伊勢神宮の宇治橋

伊勢神宮の宇治橋

伊勢神宮の宇治橋を撮影したくなった。

伊勢神宮は今回が初めてではない。
かつて、山岳少数民族ヤオ族の始祖神話が記された「ギェセンポン」を見つけ出し翻訳に苦慮している真っ最中、『art Japanesque』日本の美と文化(講談社)で「庭園と離宮」の撮影依頼が入った。
1983年のことである。
ヤオ族の歴史に興味を抱いて黄金の山岳地帯にまで踏み込んだのに、そのくせ日本の文化に不案内というのはイカン、これからは日本を見直そうと固く決心した矢先だったので、タイミングよく声をかけてくれた松岡正剛さんに感謝した。

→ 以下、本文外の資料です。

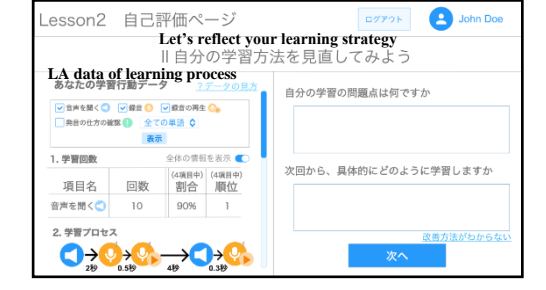
Figure 3. The user interface of self-assessment process processs

この時は庭の原型として、伊勢神宮の白砂に目を付けた。
内宮の社、外宮の遥拝所、古殿地一面に敷かれた白い小石を撮った。
撮影しながら白砂とは別に五十鈴川から鳥居を望むアングルに強く惹かれた記憶がある。異界を感じる何か、水の冷たさ清浄な空気の向こう側を意識したのか。しかし、その場所から振り返っても宇治橋は見えなかった、と思う。どうだったかはっきりしない。
今回確認のために五十鈴川へ行ってみたが、やはり当該の場所から宇治橋は見えなかった。

橋は何のためにあるのだろう。

あらためて宇治橋をしみじみ見つめて写真を撮った。